Jamais vu is not a new concept, the idea of knowing without knowing. To know which way the sun rises, without ever once seeing the dawn, that is jamais vu. To hear the child’s melody on the air is jamais vu. To know where, just right, to sneak the knife in is jamais vu. Every culture across the Askaven Continent is aware of jamais vu. Of course, there are different reasons why one experiences it. Some theorize that there is a collective weft of the mind that connects each and every one of us. The idea is that, when we think something, it joins the Grand Weft of Isosa. A weft that we all have access to and can pull resources from. A memory bank that allows, across time and space, a connection between one another.
Others think that at every moment we constantly extrude harmonic striations; the way our bodies interact with the air sends out signals to anything and everything, constantly displaying our true intentions to one another. Those who follow such ideas say that jamais vu is just us picking up on the harmonic resonance of one another, intuiting one’s desire as our own. When I focus and know, beyond knowing, the story the man who sits in front of me was told by his father when he was a child, it is simply me picking up on his body language and pheromones at any given point. That these jamais vu’s are just biological impulses that we are, to one degree or another, receptive to.

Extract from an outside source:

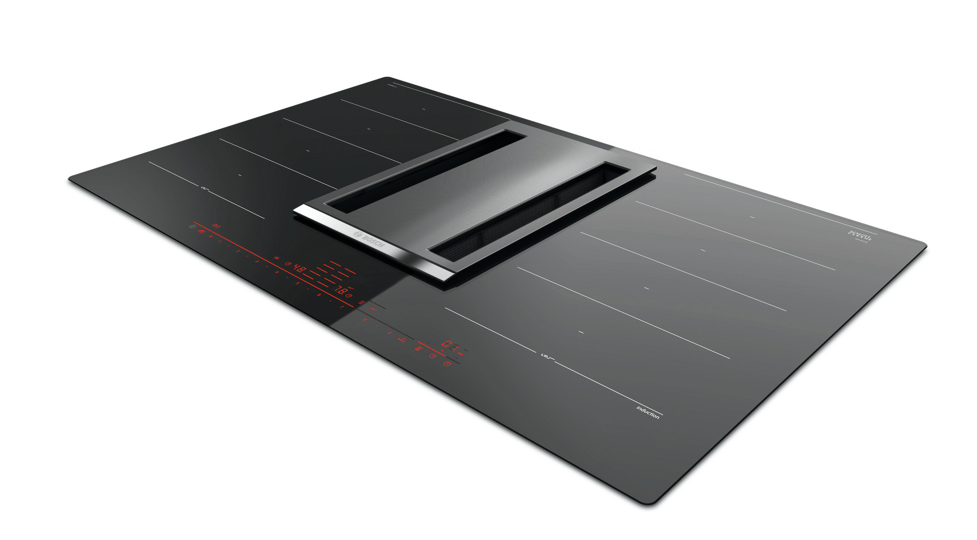 The practical value of this induction hob is enhanced by the integrated extractor. A clear design contributes to the high-quality overall impression.
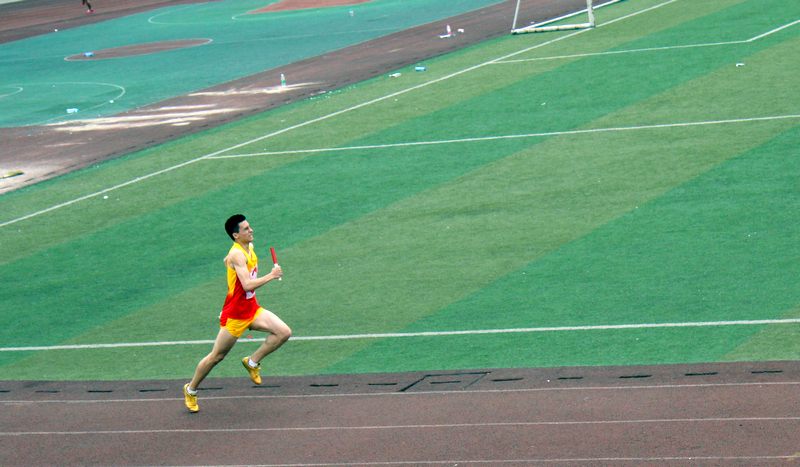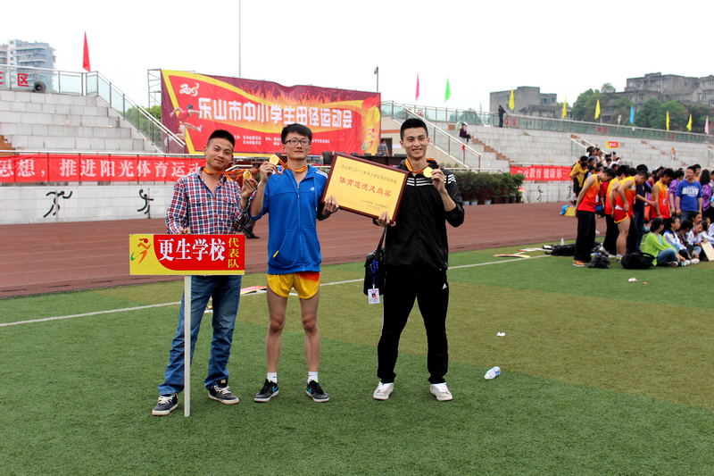國歌奏響,紅旗飄揚。2013年3月30日至31日樂山市中小學生田徑比賽在峨眉一中順利舉行,由各區(qū)縣、各市直屬學校組成的15支代表隊,在運動場上激烈角逐。更生學校代表隊在運動員較少的情況下,在比賽過程中包攬男子中長跑全部金牌:包括男子800米(林培成)、1500米(碾者阿提)、5000米(碾者阿提)該項目打破了市記錄。在男子接力賽上取得我校歷史最好成績,獲得4×100米第四名、4×400米第五名,創(chuàng)造了更生學校新的紀錄。在市中區(qū)參賽的5支高中代表隊當中,更生學??偡峙琶谝?。在閉幕式中,峨眉山市教育局副局長黃光君,對在本屆運動會上唯一打破市紀錄的更生學校學生(碾者阿提)給予了通報表揚,獲得會上雷鳴般掌聲。

I am not here to debate the merits of which theory is correct.
Because they all call the experience jamais vu. A Mariposian word. At the center of this concept, like at the center of all things, is Mariposa. Derived from the name of a fallen angel of Auleen, the words “jamais vu” have infected the very discussion of the topic. Whenever I broach one of my contemporaries, how few they are indeed, they discuss the merits of the different social philosophies surrounding jamais vu. But the language, it does not matter. Empyrial, Mariposian, Celestial, Eastern, Algeran. Each of them talk about the concept using the cage of language that is jamais vu.
“Why?” I ask them, hands wrapped around a leather bound journal. “Surely, your own tongue must have the words for jamais vu?” I plead with them, my eyes wet with concern and with frustration.

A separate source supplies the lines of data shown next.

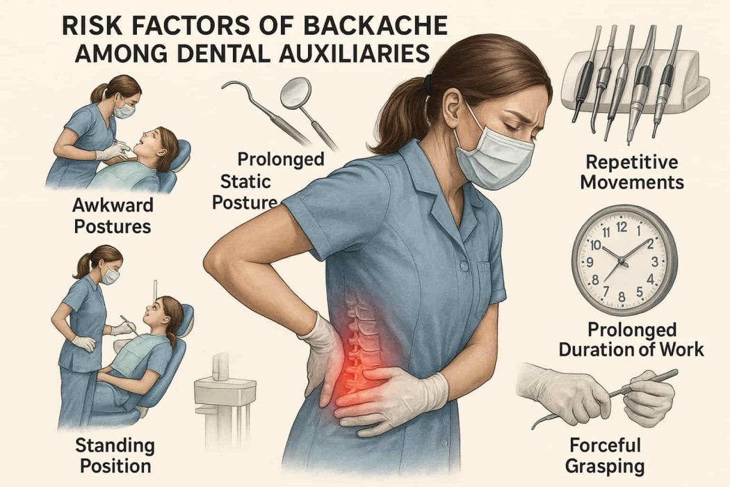 Background: Occupational health issues, particularly musculoskeletal disorders (MSDs), are prevalent worldwide. Dental auxiliaries are prone to backache due to prolonged static postures and repetitive movements, affecting their productivity and quality of life. Objective: To determine the prevalence of backache among dental auxiliaries in Islamabad and Rawalpindi and analyze the associated risk factors. Methods: A cross-sectional study was conducted using a self-administered, validated questionnaire distributed among 80 dental auxiliaries in hospitals and private clinics. The variables assessed included work posture, specialty, working hours, years in practice, and absenteeism due to pain. Data were analyzed using SPSS version 17, with chi-square tests applied to determine associations between back pain and independent variables. Results: Out of 80 distributed questionnaires, 60 (75%) were completed. Among participants, 78.3% were males and 21.7% females. The overall prevalence of back pain was 65%. Among affected participants, 58.3% reported bearable pain, 1.7% experienced severe pain, and 5% did not specify. The only factor significantly associated with back pain was specialty (endodontics/operative department, p = 0.04). Other factors, including posture, years in practice, working hours, and exercise, did not show significant associations. Conclusion: A high prevalence of back pain was observed among dental auxiliaries in Pakistan. Ergonomic interventions, targeted training, and workplace modifications are essential to mitigate occupational health risks.
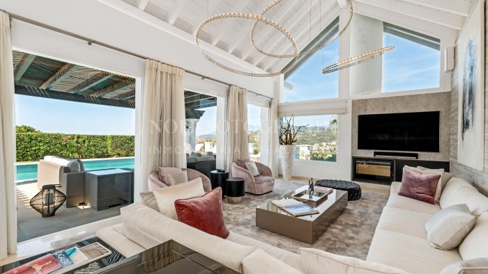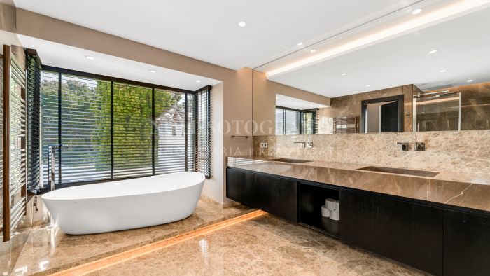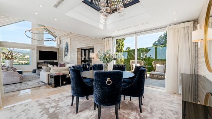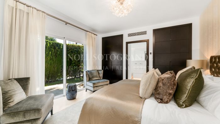 Distributed over 3 floors, accommodation comprises, on the entrance level: grand hallway featuring a double-height ceiling, bright living/dining room with floor-to-ceiling windows leading to the expansive covered terrace and private pool area —ideal for outdoor entertaining and relaxation; modern kitchen with Meile , three generous bedrooms, each with access to private terraces and two of them with en suite bathrooms, plus a separate full bathroom. Upstairs, the luxurious master suite includes a large bedroom, walk-in wardrobe, elegant en-suite bathroom, and a private terrace with spectacular sea and golf views towards Gibraltar and Northern Africa coast. On the lower level, a self-contained guest apartment—with separate garden entrance, including a bedroom and en-suite bathroom —offers complete privacy and convenience for visitors.
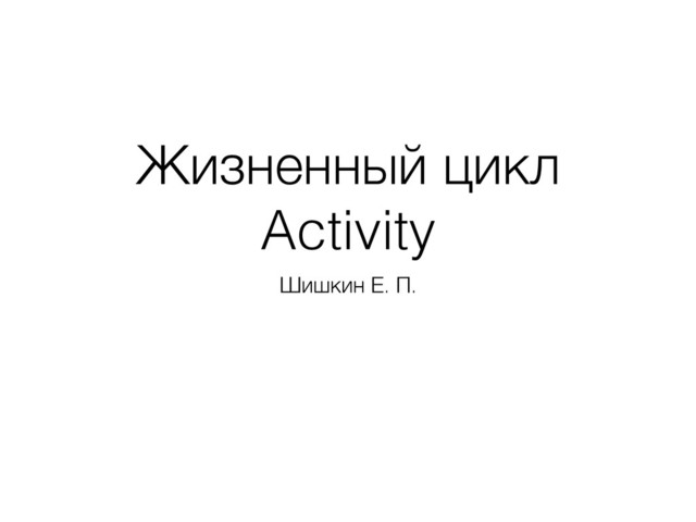 onRestart() Вызывается в тот момент когда активность была остановлена и снова переводится на передний план. • onStart() Вызывается, когда Activity становится видима для пользователя. • onResume() Вызывается когда Activity готова к взаимодействию с пользователем. • onPause() Вызывается когда пользователь решает перейти к другой Activiy. • onStop() Вызывается когда Activity становится невидимой пользователю. • onDestroy() Вызывается когда Activity должна быть уничтожена.

They blink back at me, their own eyes glazed over with some sort of deep understanding. As if whatever words, whatever concept, has been kept from them, locked away in the vault by the supplanting arcane taradiddle. “I’m sure there are.” They rationalize, “But what else could it be but jamais vu?”
Jamais vu: A thief of a concept that makes a home in places it is not welcome. They know, without knowing, that the Mariposian word is the most accurate, most well conceived word for what we experience every day.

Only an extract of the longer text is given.